The ecological disaster of the Mar Menor. Europe's largest saltwater lagoon is now suffocating from pollution; the inhabitants are witnessing the death of thousands of fish.
At the origin of this disaster; a rainy episode that dumped tons of mud. But according to a local biologist, this is only the visible part of the ecological disaster. At issue; boundless urbanization and intensive agriculture developed in the region. Oscar Esparza Alaminos, a marine biologist, explains: "This is where the biggest problems come from; Nitrate and organic matter drains into the lagoon and saturates the waters."
4. Environment in Spain; Understanding environmental conflicts
Nature is the object of clashes between social groups. Hydrological planning in Spain and its contestation illustrate the antagonism of the values brought into play and the power relations that play out there.
During the last twenty years, ecological economists have developed much work on questions of environmental justice through the study of conflicts and inequalities linked to the environment. One of the eminent figures of ecological economics (EE), Joan Martínez-Alier, was at the origin - as early as the 1970s - of a series of works on environmental conflicts and the ecologism of the poor (Martínez-Alier , 1977; 2011). For this author, there are many cases around the world that illustrate the stranglehold of the rich and powerful over the exploitation of resources, even though their use should be common to all. The poor, for their part, are concerned about the protection of their environment, not primarily for reasons related to ecology, but because this degradation generates a break with their ways of life, based on a relationship of dependence on nature, essential to their survival.

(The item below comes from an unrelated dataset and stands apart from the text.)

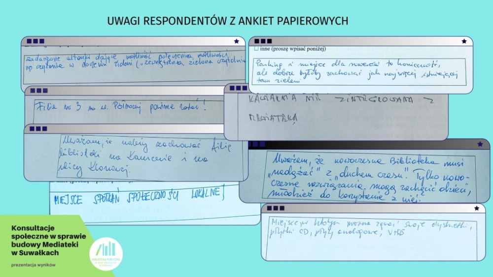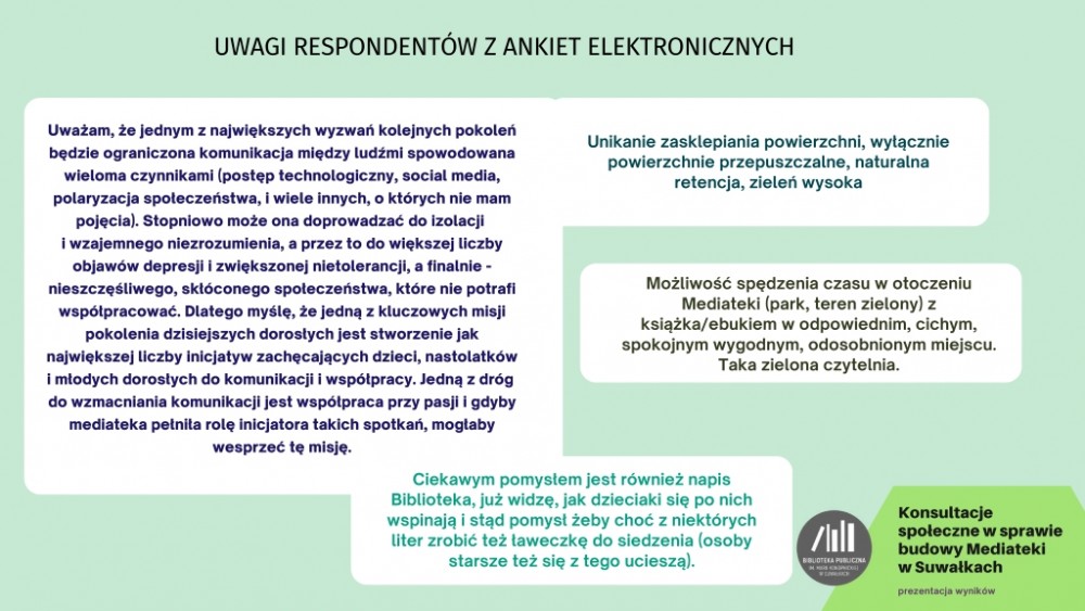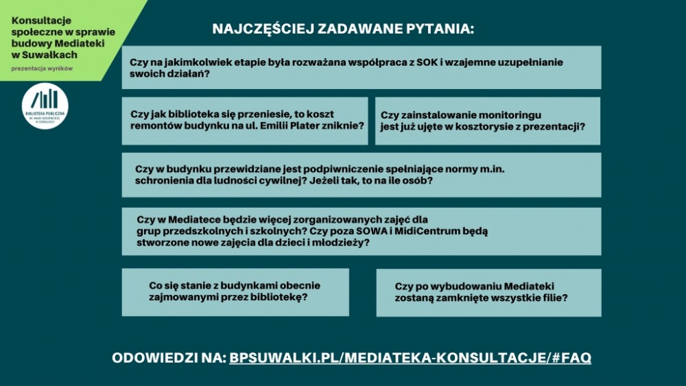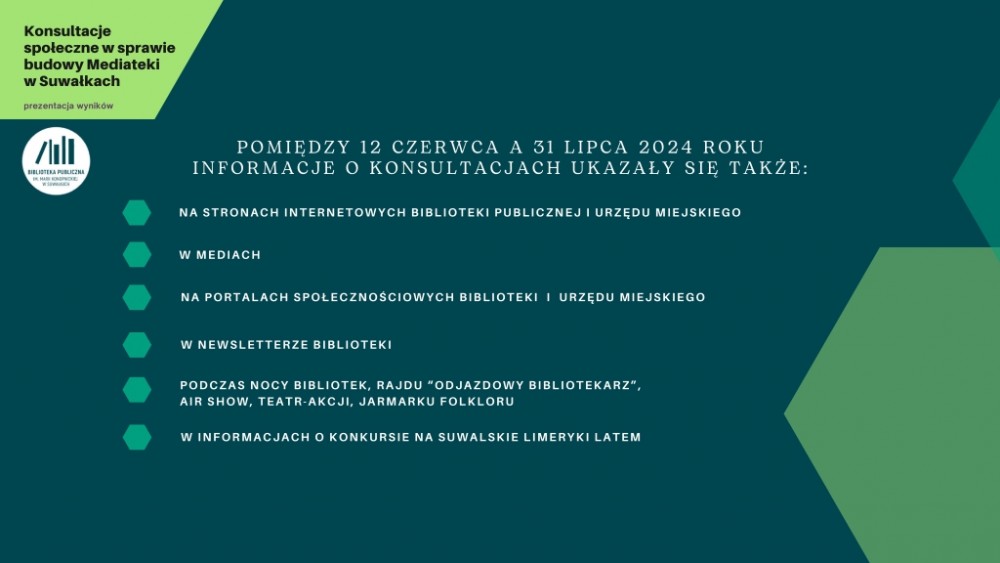 Informacje o konsultacjach byÅ‚y rozsyÅ‚ane e-mailowo, umieszczone na stronie Biblioteki, na stronie UrzÄ™du Miasta oraz w mediach lokalnych i spoÅ‚ecznoÅ›ciowych. Prezentowane byÅ‚y także w czasie „Nocy Bibliotek” oraz na rajdzie „Odjazdowy Bibliotekarz”. Ponadto tegoroczny konkurs „Suwalskie Limeryki Latem” zachÄ™caÅ‚ do wypowiedzi na temat przyszÅ‚oÅ›ci Biblioteki.

The most revealing element in the ecological awareness of poor and vulnerable populations is the number, intensity, and variety of environmental conflicts observed around the world. If it is in the field of the extraction of primary mineral resources (copper, for example) that the first environmental conflicts were recorded in the second half of the 19th century [Martínez-Alier, 2011], the reasons for conflicts taking the purpose of resources and the environment has since become very diversified. The Environmental Justice Organizations, Liabilities and Trade (EJOLT) research project thus conducts an interactive mapping of these conflicts in the world and today identifies no less than 1,600 of them. EJOLT is interested in conflicts on production sites, reprocessing and storage of the nuclear industry, those relating to access to land and biomass, infrastructure projects (roads, railways, buildings, etc.), water management (dams, hill reservoirs, grabbing of resources), recreational and tourist activities (amusement parks, seaside resorts, etc.), issues of biodiversity and resource conservation and, finally, conflicts linked to industrial sites and the pollution generated by these sites. Most of the conflicts identified are in places where the population is very high, with a frequency and an intensity arguably more marked in Latin America or Africa.